10) 「これなあに?」「ペン」といった目に見える問い/答えとは別に、わたしたちは「問われていない質問に答える」ように、自分の解釈を産み出している。これをペンだとわからないなんてバカじゃないの?いや、もしかしてこのペンはそれほど奇矯な形をしているのだろうか、などなど。

2013-03-06 00:19:17
細馬宏通(『フキダシ論』) @kaerusan

ドキュメンタリ、ドキュメンティング、ドキュメント、ドキュメンテイション、といった面倒な言い回しを耳障りよくするために、どきゅめく、という動詞を導入したいと思います。

2013-03-06 00:29:50
細馬宏通(『フキダシ論』) @kaerusan

どきゅめ(ドキュメント) どきゅめき(ドキュメンタリ) どきゅめかせる(ドキュメンティング) どきゅめきメモリアル(ドキュメンタリ的解釈法)

2013-03-06 00:32:11
細馬宏通(『フキダシ論』) @kaerusan

どきゅめかせる作業とは、すなわちパターンを探し決定し、相手の応えを意図によって動機づけられた質問として扱い、仮定された意図が正しいか見極めるべくさらなる答えを待ち、問われていない質問に答えることですが(ガーフィンケル)

2013-03-06 00:39:02
細馬宏通(『フキダシ論』) @kaerusan

どきゅめきメモリアルを、科学体系の中に叙述たちを位置づける単一の過程と考えるのはミスリーディングです。

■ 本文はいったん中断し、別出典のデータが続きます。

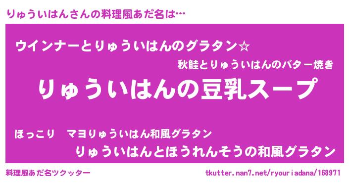 | 胡散臭い通販商品みたいなあだ名 | 『信頼と実績のサプリメント…その名も「りゅういはん」』 |
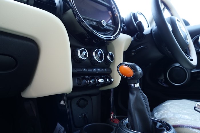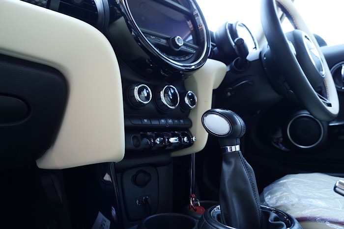 MINIのシフトレバーを見てみると、このように黒いプラスチックが両面にあります。
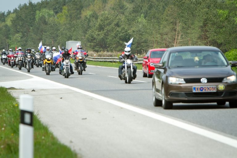 Ruskí motorkári z klubu Noční vlci a motorkári z Česka a Slovenska počas príchodu na Slovensko. Motorkári položia vence a kvety k pomníku sovietskych vojakov na bratislavskom Slavíne. Sekule, 2. máj 2015. Foto: SITA/Ľudovít Vaniher
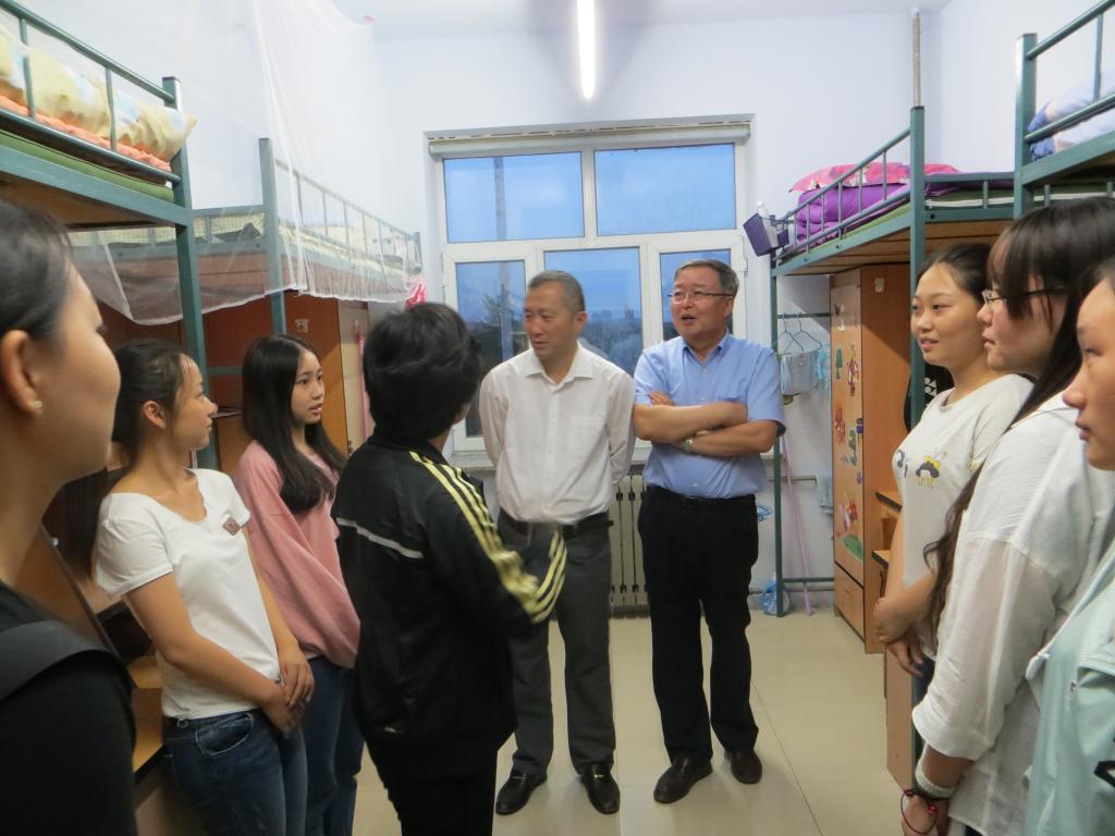领导本着“以生为本”的思想,于8月27号晚上6点走进了大一新生宿舍,探访慰问新生。此次参与看望新生的领导有海角视频

むしろ、どきゅめきメモリアルは、相手のことばを位置づけ直し続けていく不断の営みと見るべきでありましょう。

2013-03-06 00:46:02
細馬宏通(『フキダシ論』) @kaerusan

文中、「ドキュメンタリ的」「ドキュメント的」とぶれてますが、「ドキュメント的解釈法」に統一して読んで下さい。つまり、どきゅめき=どきゅめ的、ってことです。ちなみに『エスノメソドロジー(ワードマップ)』.. http://t.co/TxTGAKjLCx

2013-03-06 10:30:57
細馬宏通(『フキダシ論』) @kaerusan

ガーフィンケルのドキュメント的解釈法については、Common sense knowledge of social structures: the documentary method of inter.. http://t.co/0bGYf4wYkS

2013-03-06 10:33:18
細馬宏通(『フキダシ論』) @kaerusan

1) 昨日書いたドキュメント的解釈法(どきゅめきメモリアル)は、実は人工知能やロボットの問題にも開かれている。ガーフィンケルは、人々が日常でドキュメント的解釈法を用いて相互行為を行っていることを示すべく、ある実験をした。

2013-03-06 12:13:38
細馬宏通(『フキダシ論』) @kaerusan

2) 学部生を集めて、これからカウンセラーの卵の学生を相手に、音声で相談事をしてくれと頼む。ただし、カウンセラーの卵は「イエス」「ノー」の二通りの答えしか言わない。そして、学部生には教えないが、実は「イエス」「ノー」の順番はでたらめで、学生の相談内容とは関係がない。